# Looking for simple 2x4 chair plans.



## el_d (Apr 25, 2012)

I was wondering if anybody had some plans for a easy/Quick 2x4 chair. 

A while back we bought a nice oak finish-it-yourself table that has worked really well for our large family. When we got the table we Planned on returning and getting the chairs but that never happened. we Have been using some chairs that are giving out and my wife wants new ones. If I can find something easy and inexpensive I wont have to but cheap particle board chairs from walmart. 
 My father made a bench out of 2x4's that has worked really well and my wife likes it but I am looking for single benches/chairs that I can put together rather easily.

 All I have is a sliding compound Mitre saw( Harbor Freight special) and some hand tools to work with.

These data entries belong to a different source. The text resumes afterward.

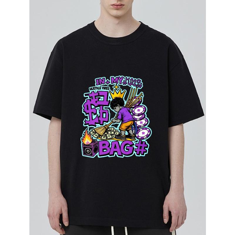 Black T Shirt With In My Bag Money And Character Graphic Print For Streetwear Fashion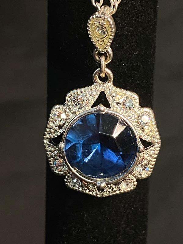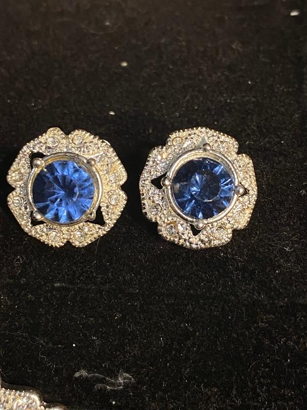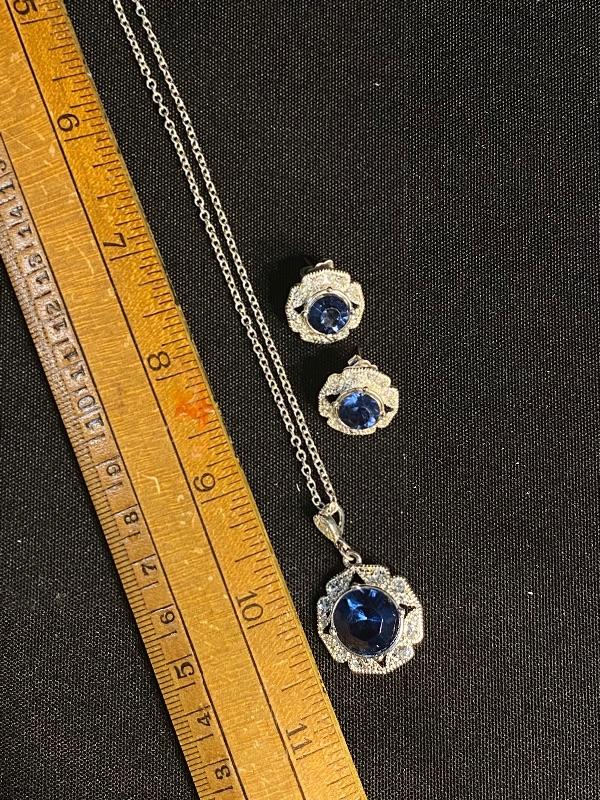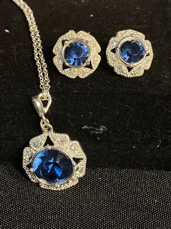 Stunning royal blue rhinestone pendant necklace with matching earrings. Silvertone settings. Clear rhinestones around main stone. Earrings are for pierced ears. Previously owned.
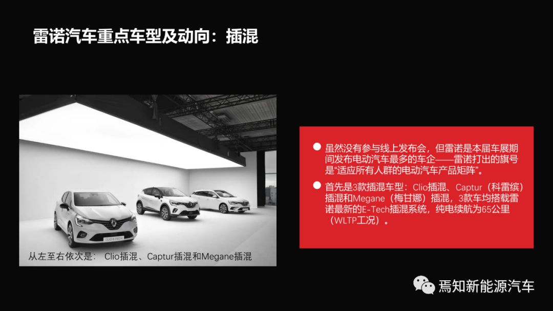 来历 |电动汽车察看野(李媛媛 电观) 蒙疫情影响,2020年日内瓦海外车铺线高勾当取缔, 次要车企转阵线上曲播。以及去年相比,原届日内瓦车铺略隐寒浑。不外,咱们仍能感觉到 各车企,尤为是欧洲主机厂电动化的急迫。 不管是 德系的年夜寡、宝马、奔跑,仍是法系的雷诺,皆领布了各自的杂电动或者插混标杆车型。出格是 雷诺,尽管出有线上曲播,但车铺前夜,仍以7款电动车型(3款插混以及4款杂电动),成为原届车铺时代电动汽车表态至多的一野。 亚洲车企外, 原田、歉田继承扛起夹杂能源年夜旗;古代夸大电动化刻意;外国的爱驰线上表态了二款杂电动U5以及U6 ion;Polestar正在车铺前夜准期领布了一款杂电动观点车。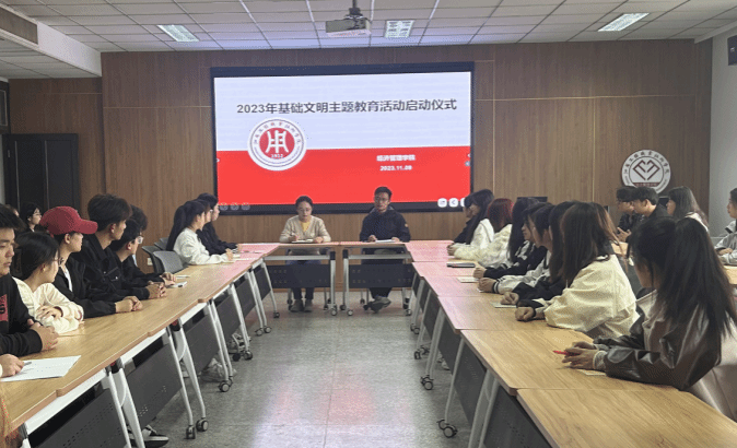 11月9日,经济管理学院举办了2023年基础文明主题教育活动启动仪式。经济管理学院党总支副书记王谦和辅导员邢雅楠出席会议,学院全体22级、23级班长参会,会议由邢雅楠主持。

Plenty of paint and screws. 

Any ideas or pics would be appreciated.......

Thanks.


----------



## navycop (Apr 25, 2012)

http://www.readymade.com/projects/build_a_2x4_chair/next_step


----------



## snyiper (Apr 25, 2012)

VP-45 Pelican Chair - Kreg Jig Owners Community
Marlee's Table and Chairs - Kreg Jig Owners Community

Try These


----------



## el_d (Apr 25, 2012)

Thanks Mike. I'll check it out. 

Glenn, I had totally forgotten about my kraig jig.  Nice.


----------



## Smitty37 (Apr 25, 2012)

*Lots*

Try www.[B]woodworkersworkshop.com[/B]/resources/​index.php?cat=102

Tons of free plans basic chair with arms #57 might be just what you want and the plans are free.


----------



## el_d (Apr 25, 2012)

Thanks Smitty, great site.


----------